EXERCISE OBJECTIVE →
Output every line of the material exactly, omitting images.

SOURCE DATA →
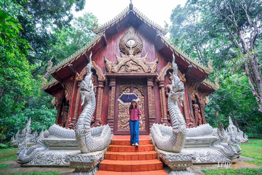 ถัดมาที่ วัดหลวงขุนวิน วัดเก่าแก่โบราณ อายุมากกว่า 700 ปี ตั้งอยู่บนภูเขาท่ามกลางแมกไม้เขียวขจี ตัววัดอยู่ในป่าลึก สามารถเดินทางไปได้ด้วยรถโฟวิลเท่านั้น มีไฮไลท์เป็น อุโบสถไม้สักแกะสลักตามแบบสถาปัตยกรรมล้านนาทั้งหลัง ภายในประดิษฐานพระพุทธรูปไม้แกะสลักปางปรินิพพาน (พระนอน) นอกจากนี้ยังสามารถเยี่ยมชมอุโบสถพระยืนและบันไดพญานาคแกะสลักอย่างงดงาม
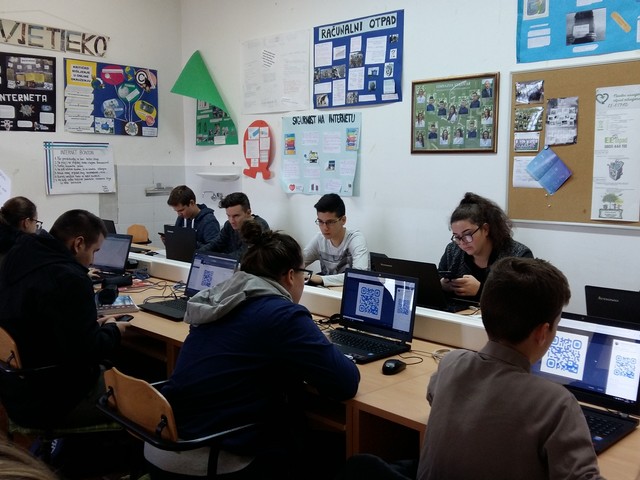 Kodirali smo i dekodirali koristeći QR kodove. QR kodovi (engl. Quick response = brzi odgovor) su tip dvodimenzionalnog koda. QR kod sastoji se (najčešće) od crnih kvadrata i pravokutnika raspoređenih u kvadratni uzorak na bijeloj pozadini. QR kodove može očitati svaki mobitel s fotoaparatom i pristupom internetu (ponekad Internet veza nije potrebna) koji ima instaliranu aplikaciju za čitanje QR kodova. Učenici su ponavljali nastavne sadržaje i odgovarali na postavljena pitanja nakon što su dekodirali sadržaj (http://www.qr-code-generator.com/) a kodirane odgovore putem edukativne društvene mreže Yammer, potom, dijelili sa drugim učenicima.
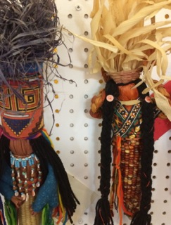 Authentic contemporary corn figures from the Klamath area from Dealer #113 hang on a wall and deserve appreciation.
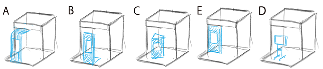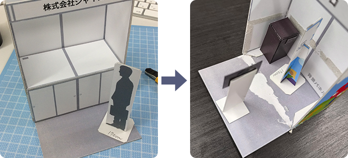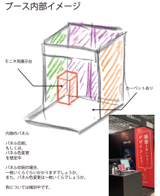 ブースの引き出し付きの棚を取り外せることがわかり、小さなスペースでも体験スペースを確保できる構成が見えてきました。
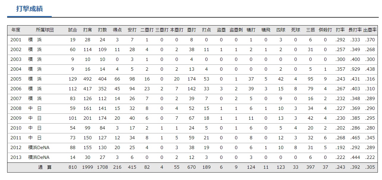 129試合 53打点 20本塁打 0盗塁 打率.243 出塁率.316 OPS.747 犠打数 37
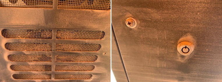 通風(fēng)導(dǎo)致大量水汽侵襲,令箱體部件、過濾網(wǎng)生銹腐蝕
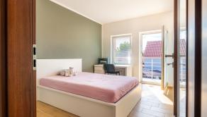 - Poschodie: 3 samostatné izby so šatníkmi, kúpeľňa, samostatné WC, balkón z každej izby
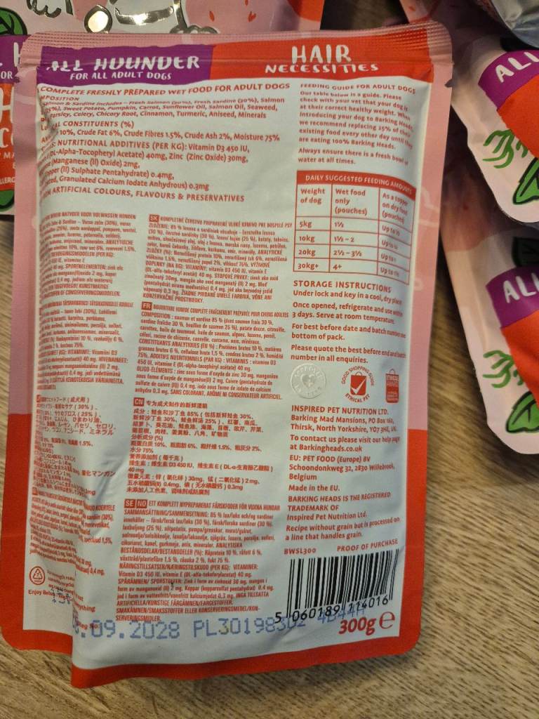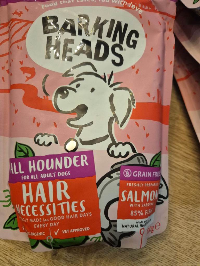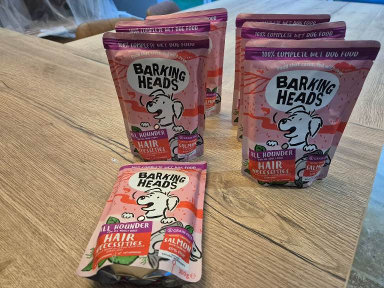 Barking heads salmon wet food for dogs. Had a variety box and my dog doesn't like the salmon one. Date until 2028 collection only fareham
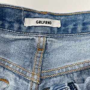 Grlfrnd Light Wash Blue 'Wear Me Out' High Rise Distressed Denim Shorts Size 26
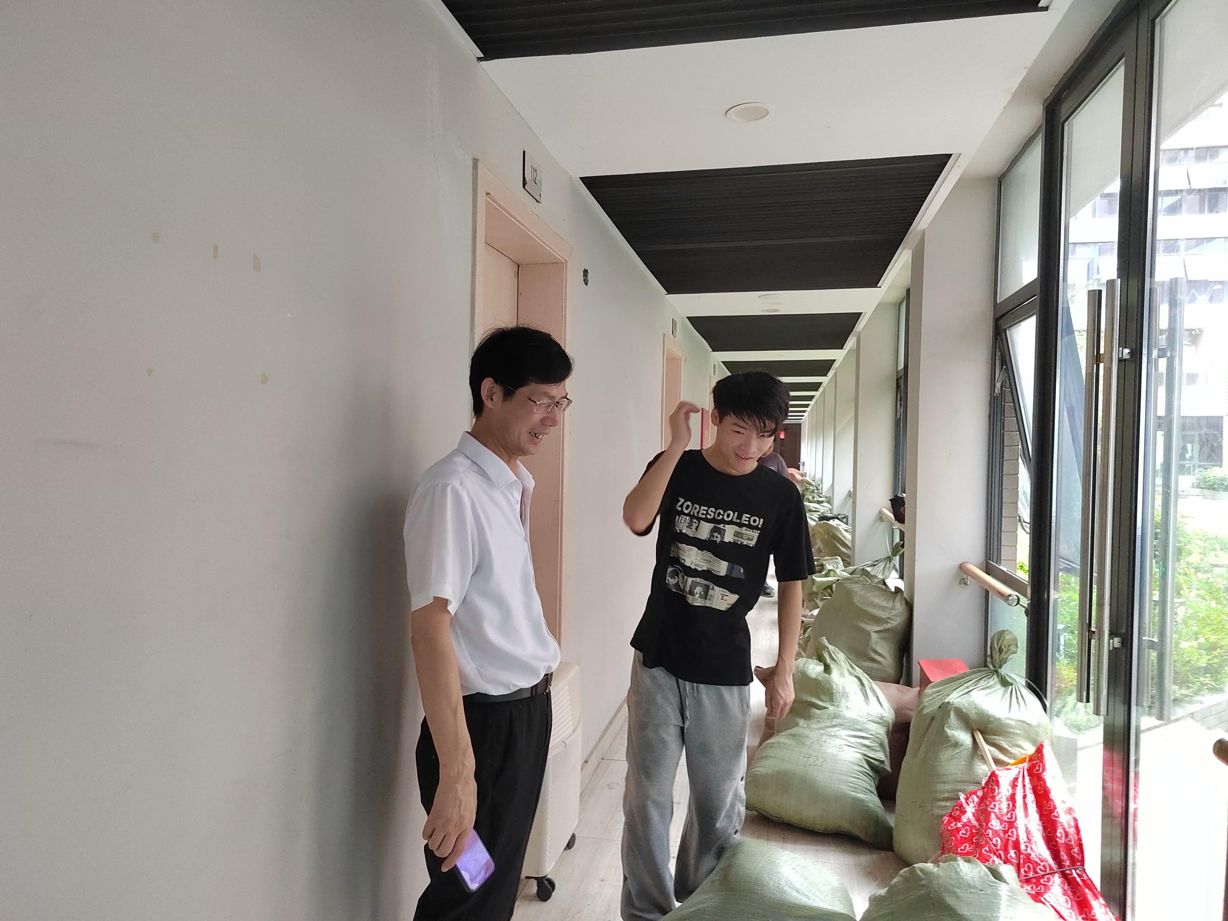 师生同心,绘就风景。学院领导第一时间深入宿舍,学院党委书记杨会成对全体搬迁同学表示深切的关怀,他提醒同学们防止淋雨感冒,也要防止雨水淋湿衣物。他进入每一间宿舍与学生亲切交谈,并现场解决问题。他强调,搬迁工作要以生为本,辅导员老师既要妥善处理好同学被子淋湿的眼下问题,又要处理好搬迁后适应性问题,时时处处都要想着学生,心中有爱,眼里有光。

REPLY TO THE TASK →
 ถัดมาที่ วัดหลวงขุนวิน วัดเก่าแก่โบราณ อายุมากกว่า 700 ปี ตั้งอยู่บนภูเขาท่ามกลางแมกไม้เขียวขจี ตัววัดอยู่ในป่าลึก สามารถเดินทางไปได้ด้วยรถโฟวิลเท่านั้น มีไฮไลท์เป็น อุโบสถไม้สักแกะสลักตามแบบสถาปัตยกรรมล้านนาทั้งหลัง ภายในประดิษฐานพระพุทธรูปไม้แกะสลักปางปรินิพพาน (พระนอน) นอกจากนี้ยังสามารถเยี่ยมชมอุโบสถพระยืนและบันไดพญานาคแกะสลักอย่างงดงาม
 Kodirali smo i dekodirali koristeći QR kodove. QR kodovi (engl. Quick response = brzi odgovor) su tip dvodimenzionalnog koda. QR kod sastoji se (najčešće) od crnih kvadrata i pravokutnika raspoređenih u kvadratni uzorak na bijeloj pozadini. QR kodove može očitati svaki mobitel s fotoaparatom i pristupom internetu (ponekad Internet veza nije potrebna) koji ima instaliranu aplikaciju za čitanje QR kodova. Učenici su ponavljali nastavne sadržaje i odgovarali na postavljena pitanja nakon što su dekodirali sadržaj (http://www.qr-code-generator.com/) a kodirane odgovore putem edukativne društvene mreže Yammer, potom, dijelili sa drugim učenicima.
 Authentic contemporary corn figures from the Klamath area from Dealer #113 hang on a wall and deserve appreciation.
 ブースの引き出し付きの棚を取り外せることがわかり、小さなスペースでも体験スペースを確保できる構成が見えてきました。
 129試合 53打点 20本塁打 0盗塁 打率.243 出塁率.316 OPS.747 犠打数 37
 通風(fēng)導(dǎo)致大量水汽侵襲,令箱體部件、過濾網(wǎng)生銹腐蝕
 - Poschodie: 3 samostatné izby so šatníkmi, kúpeľňa, samostatné WC, balkón z každej izby
 Barking heads salmon wet food for dogs. Had a variety box and my dog doesn't like the salmon one. Date until 2028 collection only fareham
 Grlfrnd Light Wash Blue 'Wear Me Out' High Rise Distressed Denim Shorts Size 26
 师生同心,绘就风景。学院领导第一时间深入宿舍,学院党委书记杨会成对全体搬迁同学表示深切的关怀,他提醒同学们防止淋雨感冒,也要防止雨水淋湿衣物。他进入每一间宿舍与学生亲切交谈,并现场解决问题。他强调,搬迁工作要以生为本,辅导员老师既要妥善处理好同学被子淋湿的眼下问题,又要处理好搬迁后适应性问题,时时处处都要想着学生,心中有爱,眼里有光。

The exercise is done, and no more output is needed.